** REQUIRED WORK **
Retype the following data exactly, but leave its pictures out.

** SUPPLIED INFORMATION **

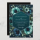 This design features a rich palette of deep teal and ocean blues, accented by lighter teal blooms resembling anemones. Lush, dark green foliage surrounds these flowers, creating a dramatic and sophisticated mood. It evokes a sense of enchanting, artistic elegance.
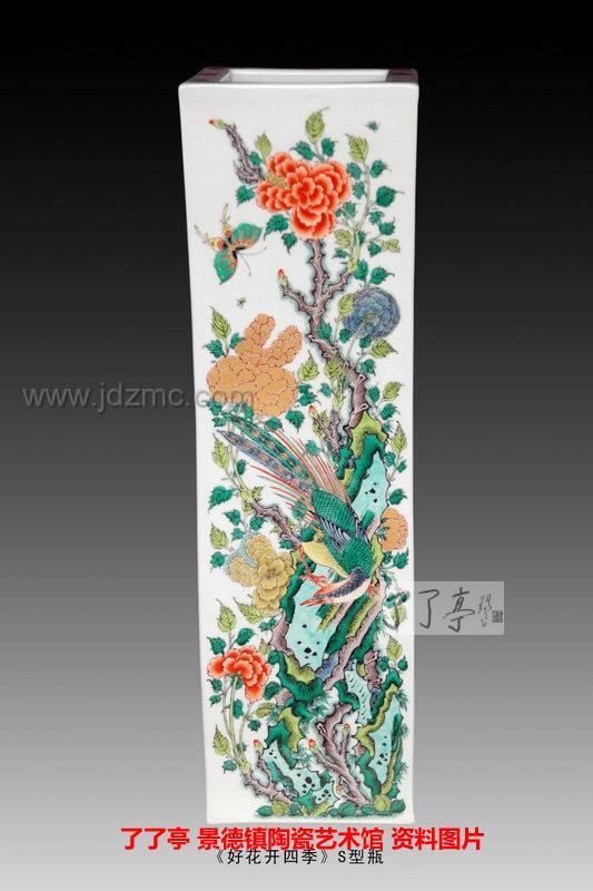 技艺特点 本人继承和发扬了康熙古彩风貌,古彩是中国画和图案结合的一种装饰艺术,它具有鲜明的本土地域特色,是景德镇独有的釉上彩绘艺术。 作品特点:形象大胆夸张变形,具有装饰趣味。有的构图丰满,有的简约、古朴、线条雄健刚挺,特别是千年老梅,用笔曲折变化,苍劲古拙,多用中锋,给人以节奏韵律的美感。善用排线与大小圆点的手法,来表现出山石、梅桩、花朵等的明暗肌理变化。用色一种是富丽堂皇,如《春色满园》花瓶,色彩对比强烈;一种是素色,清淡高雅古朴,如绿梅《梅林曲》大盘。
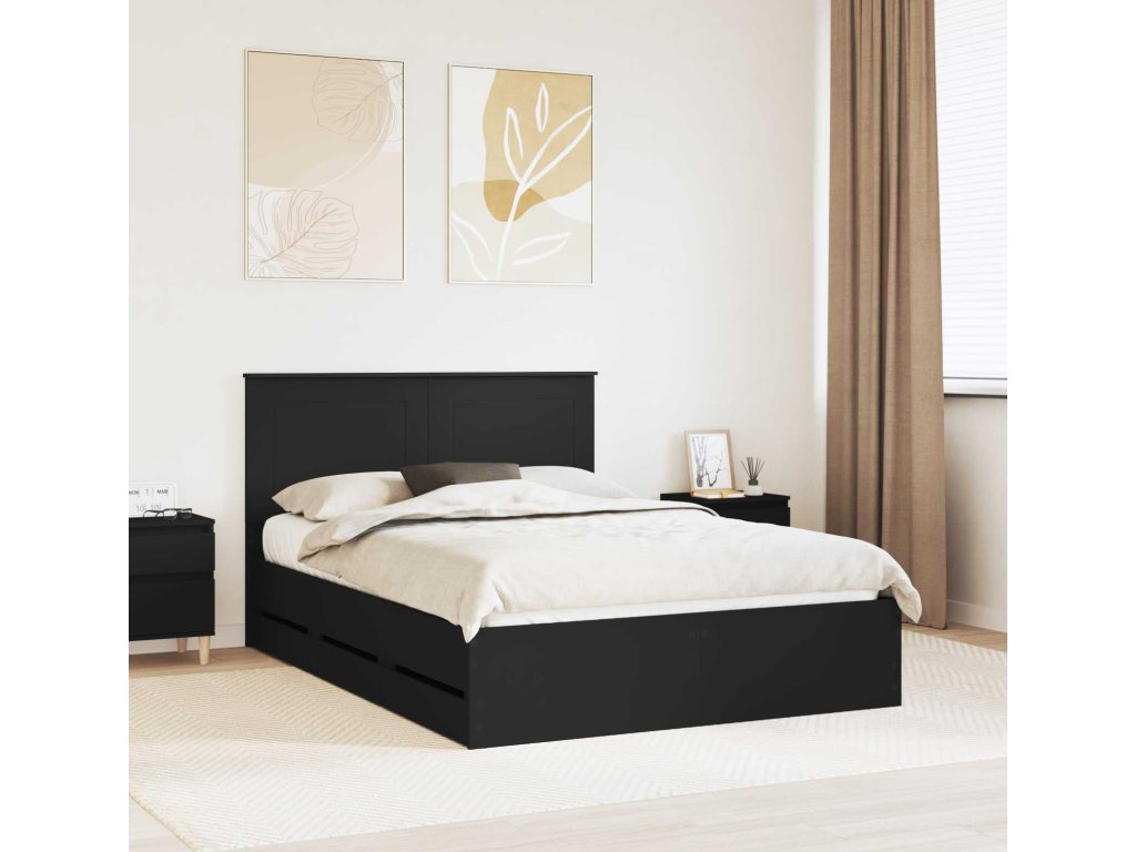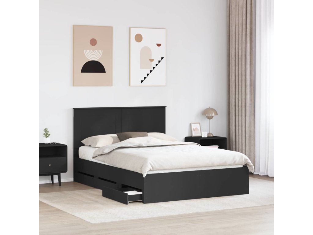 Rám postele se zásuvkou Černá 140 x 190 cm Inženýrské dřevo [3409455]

** YOUR RESPONSE **
 This design features a rich palette of deep teal and ocean blues, accented by lighter teal blooms resembling anemones. Lush, dark green foliage surrounds these flowers, creating a dramatic and sophisticated mood. It evokes a sense of enchanting, artistic elegance.
 技艺特点 本人继承和发扬了康熙古彩风貌,古彩是中国画和图案结合的一种装饰艺术,它具有鲜明的本土地域特色,是景德镇独有的釉上彩绘艺术。 作品特点:形象大胆夸张变形,具有装饰趣味。有的构图丰满,有的简约、古朴、线条雄健刚挺,特别是千年老梅,用笔曲折变化,苍劲古拙,多用中锋,给人以节奏韵律的美感。善用排线与大小圆点的手法,来表现出山石、梅桩、花朵等的明暗肌理变化。用色一种是富丽堂皇,如《春色满园》花瓶,色彩对比强烈;一种是素色,清淡高雅古朴,如绿梅《梅林曲》大盘。
 Rám postele se zásuvkou Černá 140 x 190 cm Inženýrské dřevo [3409455]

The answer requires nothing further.